▶ _Problem to work on_: Using the material below, repeat exactly the lines from the one with "クラシックなテーラードカラー" through the one with "Lokführer Gernot Gattermann", ends included, without any images.

▶ _Supplied records_:

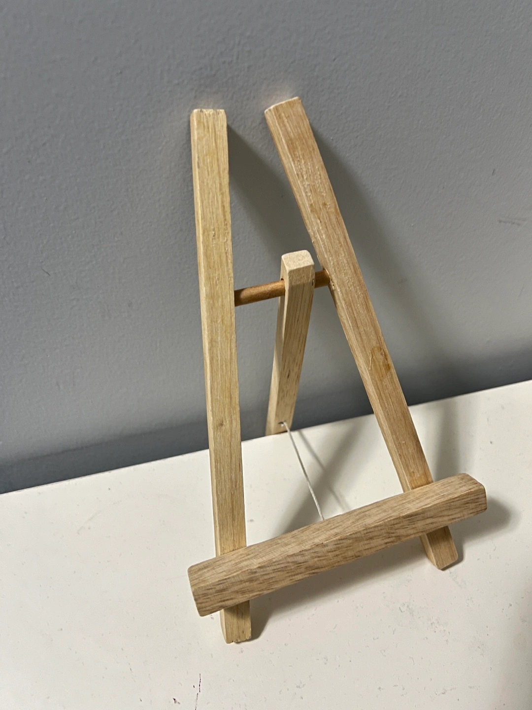 Small wooden easel. Perfect for displaying small artwork or photos. Simple design, light weight.
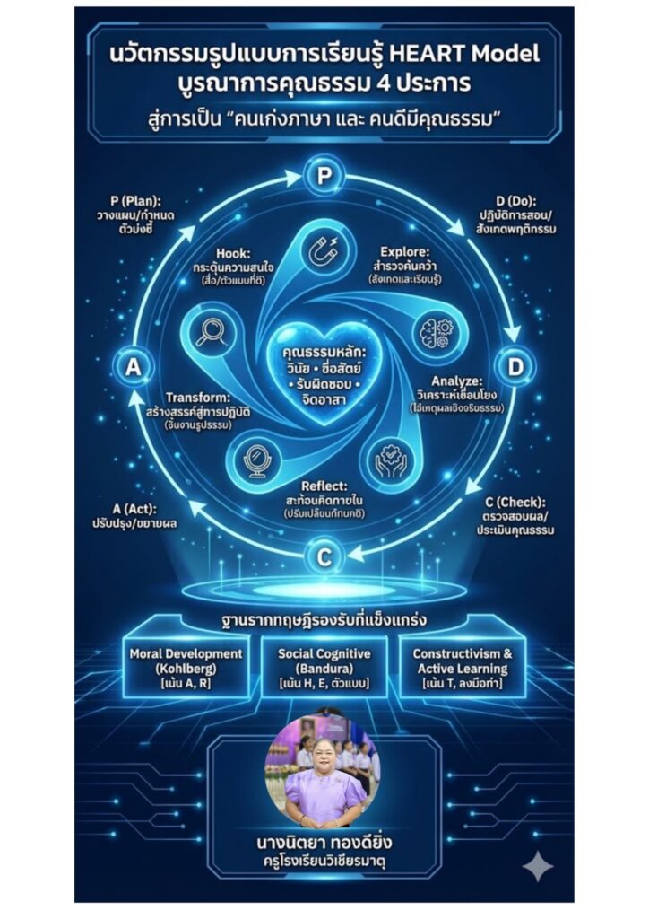 นวัตกรรมรูปแบบการเรียนรู้ HEART Model บูรณาการคุณธรรม 4 ประการ สู่การเป็น “คนเก่งภาษาและคนดีมีคุณธรรม” February 12, 2026February 12, 2026 admin นวัตกรรมรูปแบบการเรียนรู้ HEART Model บูรณาการคุณธรรม 4 ประการ สู่การเป็น “คนเก่งภาษาและคนดีมีคุณธรรม”เผยแพร่โดย..นางนิตยา ทองดียิ่ง ตำแหน่ง ครู วิทยฐานะ ครูชำนาญการพิเศษ กลุ่มสาระการเรียนรู้ภาษาไทย
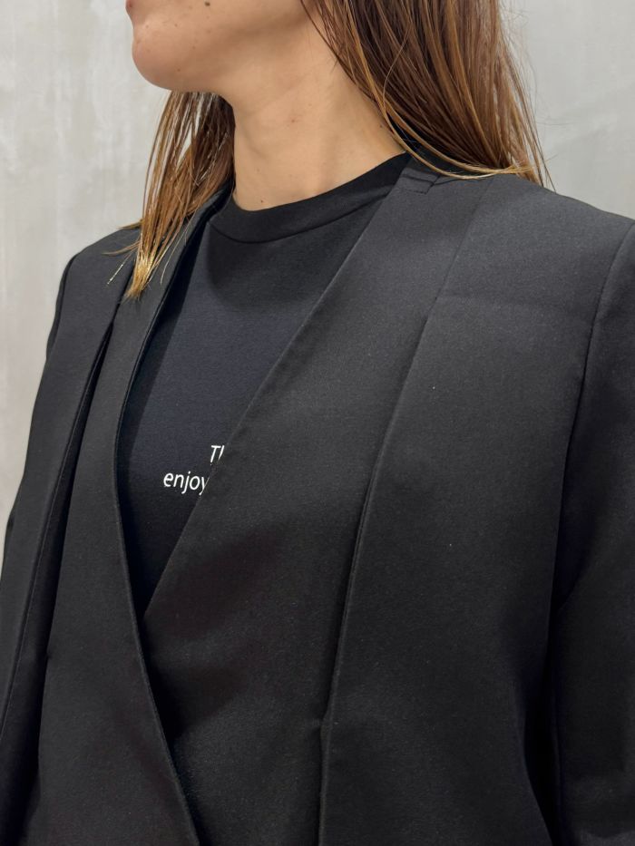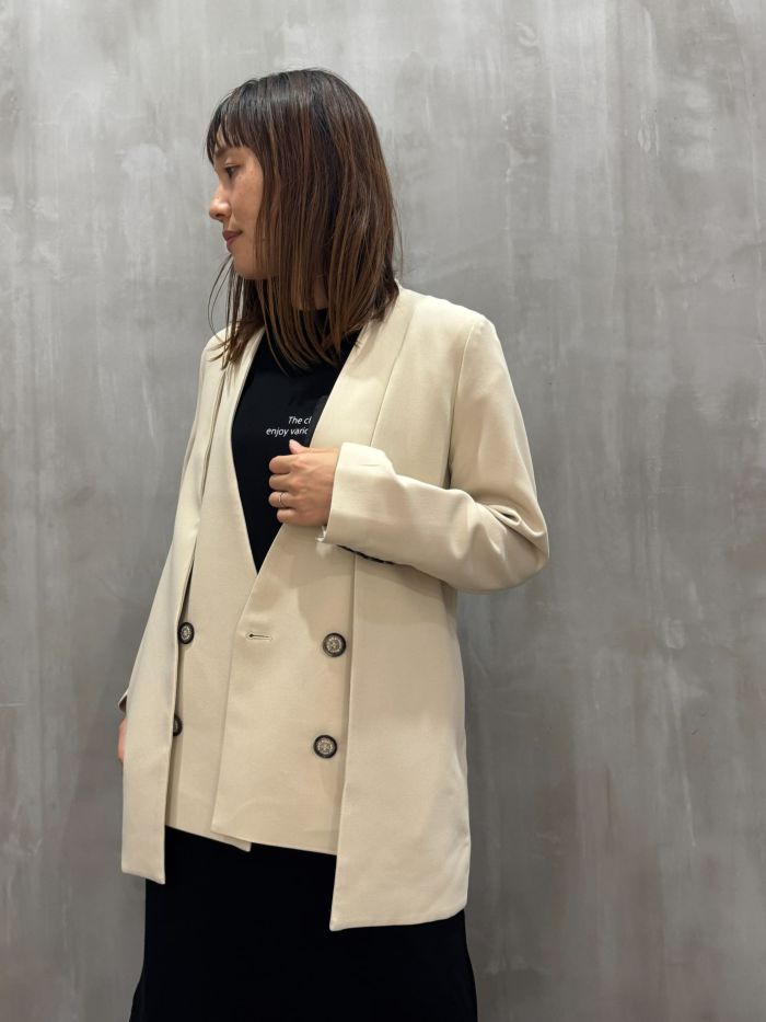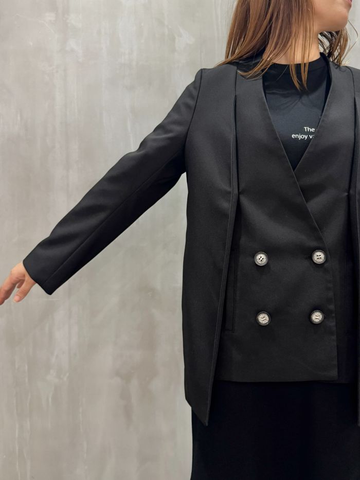 クラシックなテーラードカラーと、肩から流れるようなドッキングデザインが印象的で、シンプルなトップスやボトムスに羽織るだけでスタイリングが決まります。モードな空気感を持ちながら、オン・オフ問わず活躍する一着。
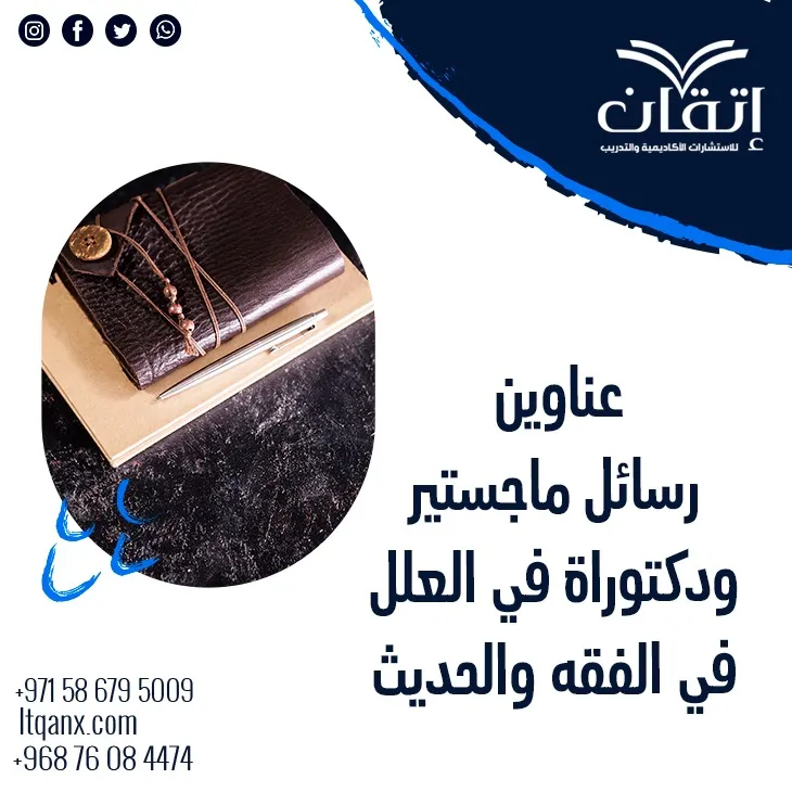 في النهاية، نكون قد استعرضنا مجموعة أفكار بحثية لـ أحدث عناوين رسائل ماجستير ودكتوراة في العلل في الفقه والحديث، وذلك لما لهذا الموضوع من أهمية كبيرة في توسيع آفاق البحث العلمي؛ وإذا كنتم تبحثون عن دعم متخصص لإعداد رسالتكم العلمية، يمكنكم الاعتماد على خدمات شركة "إتقان" للاستشارات الأكاديمية والتدريبة، التي توفر نخبة من الأساتذة المتخصصين في العلوم الشرعية، والذين يقدمون مساعدة احترافية بمستوى عالٍ من الجودة، فقط تواصلوا معنا عبر الواتساب، وسيتم الرد عليكم في أسرع وقت.
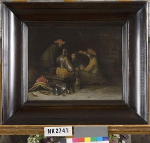 Interieur met kaartspelende soldaten
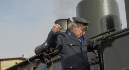 Lokführer Gernot Gattermann überprüft den Wasserstand bei der Lok Emma. Regelmäßig musste nachgefüllt werden.
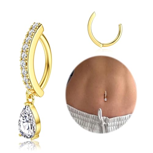 Morfetto Navelpiercing gyllene ring CZ magring för dam 14G 10 mm, guld rostfritt kirurgiskt stål
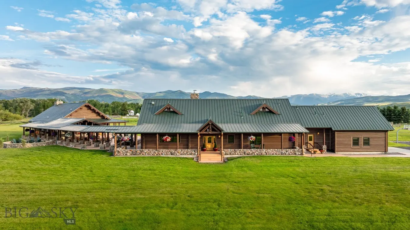A Rare Montana Riverfront & Equestrian Legacy on the West Gallatin River. Framed by panoramic views from the Spanish Peaks to the Bridger Mountains, this extraordinary estate spans 3 individually deeded parcels that straddle both sides of the West Gallatin River—offering unmatched privacy & direct access to blue-ribbon trout waters. World-class fishing on the property is paired with equestrian excellence: 3 round pens, fenced pastures & level ground ideal for rodeo, polo, or private training. This recreational sanctuary is just minutes from downtown Bozeman, the airport, Yellowstone & Big Sky Ski Resort. At its heart is an exceptionally crafted custom log home—a true MT masterpiece blending timeless design & rustic sophistication. The main residence showcases a dramatic two-story wall of windows with southern Spanish Peak views, 6 bedrooms, 7 total bathrooms & a large private office or 6th bedroom with handcrafted finishing throughout including a soaring river rock fireplace anchoring the great room, offering warmth & comfort after long days outdoors. A timbered breezeway connects to an expansive 2,000+SF entertainment center with its own floor-to-ceiling river rock fireplace, artifacts, game tables, full bar & kitchen—a gathering space built for lifelong memory-making. Between the main residence & entertainment center, a professional-grade kitchen with stainless appliances is flanked by 2 large fire pits & seating for 200+ guests, perfect for al fresco dining under the MT sky. A separate guest house offers 1 bed/1 bath with a fully equipped kitchen, living, dining, generous storage & oversized garage—ideal for visitors or a ranch manager. The estate also includes 3 heated garage bays, a fully equipped gym with bathroom, and a brand new pickleball court. Outdoor adventures call every season—fly fishing your private river, backcountry or resort skiing, hiking, biking, horseback riding &/or polo across vast pastures. Recreation is unmatched—Bridger Bowl lies 30 minutes north; Big Sky Resort, with the most skiable terrain in the U.S., is just 30 minutes south. With Yellowstone National Park, plus Bozeman’s dining, shopping & trail systems nearby, this estate offers both seclusion & easy access to life’s best. Offered fully furnished, including all farm & gym equipment, art & rare taxidermy, this once-in-a-generation estate is the perfect private river retreat, equestrian showcase, or multi-generational legacy—where river, mountains & Montana dreams converge.
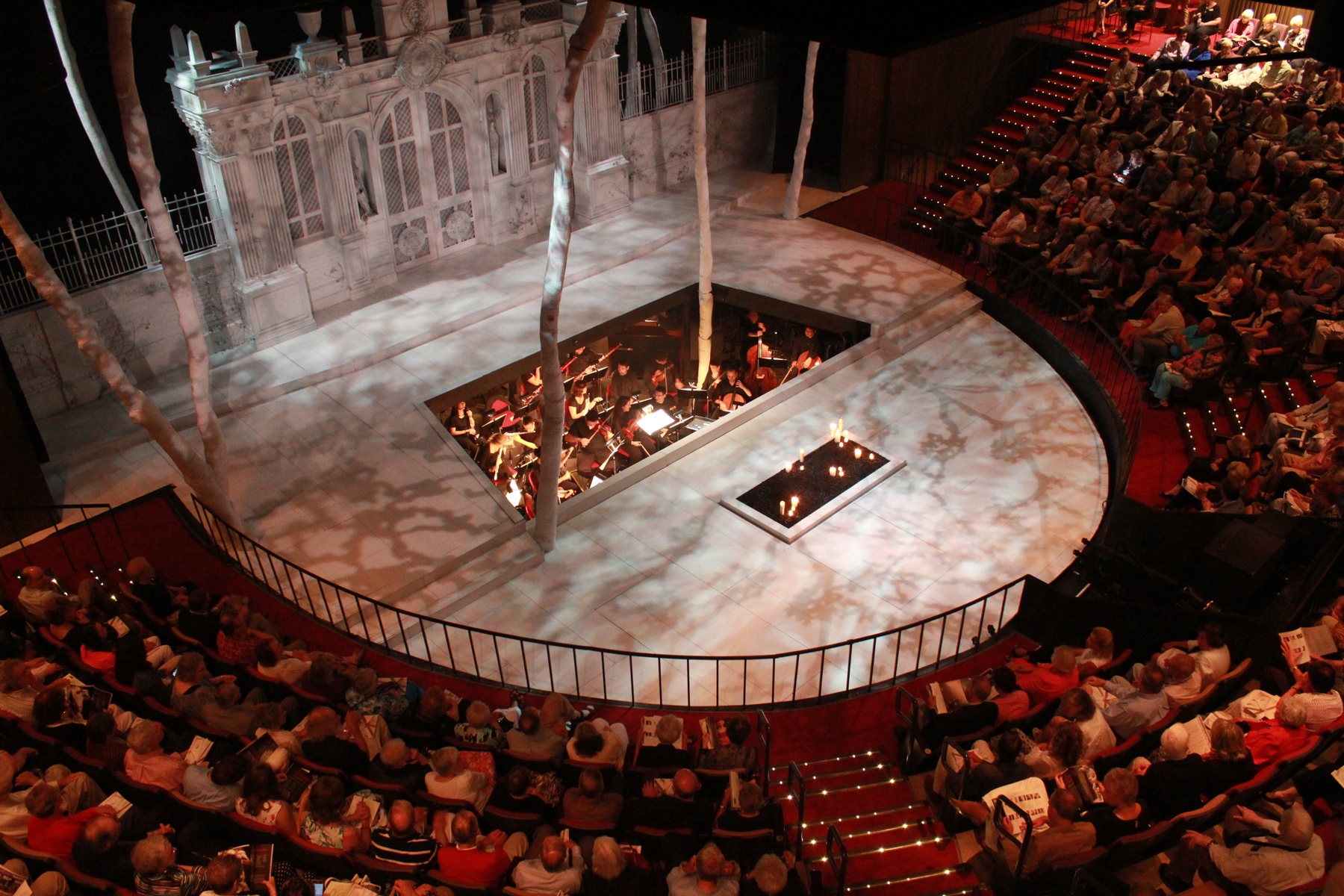 The Blank Performing Arts Center’s mainstage, called Pote Theatre, successfully incorporated both a traditional proscenium design and a thrust-stage auditorium. This unique configuration, which put the orchestra and conductor in the center of the action for opera productions, reflected a wave of “prairie populism” that was revolutionizing opera in America and was centered in the Midwest.

▶ _Solution to this exercise_:
 クラシックなテーラードカラーと、肩から流れるようなドッキングデザインが印象的で、シンプルなトップスやボトムスに羽織るだけでスタイリングが決まります。モードな空気感を持ちながら、オン・オフ問わず活躍する一着。
 في النهاية، نكون قد استعرضنا مجموعة أفكار بحثية لـ أحدث عناوين رسائل ماجستير ودكتوراة في العلل في الفقه والحديث، وذلك لما لهذا الموضوع من أهمية كبيرة في توسيع آفاق البحث العلمي؛ وإذا كنتم تبحثون عن دعم متخصص لإعداد رسالتكم العلمية، يمكنكم الاعتماد على خدمات شركة "إتقان" للاستشارات الأكاديمية والتدريبة، التي توفر نخبة من الأساتذة المتخصصين في العلوم الشرعية، والذين يقدمون مساعدة احترافية بمستوى عالٍ من الجودة، فقط تواصلوا معنا عبر الواتساب، وسيتم الرد عليكم في أسرع وقت.
 Interieur met kaartspelende soldaten
 Lokführer Gernot Gattermann überprüft den Wasserstand bei der Lok Emma. Regelmäßig musste nachgefüllt werden.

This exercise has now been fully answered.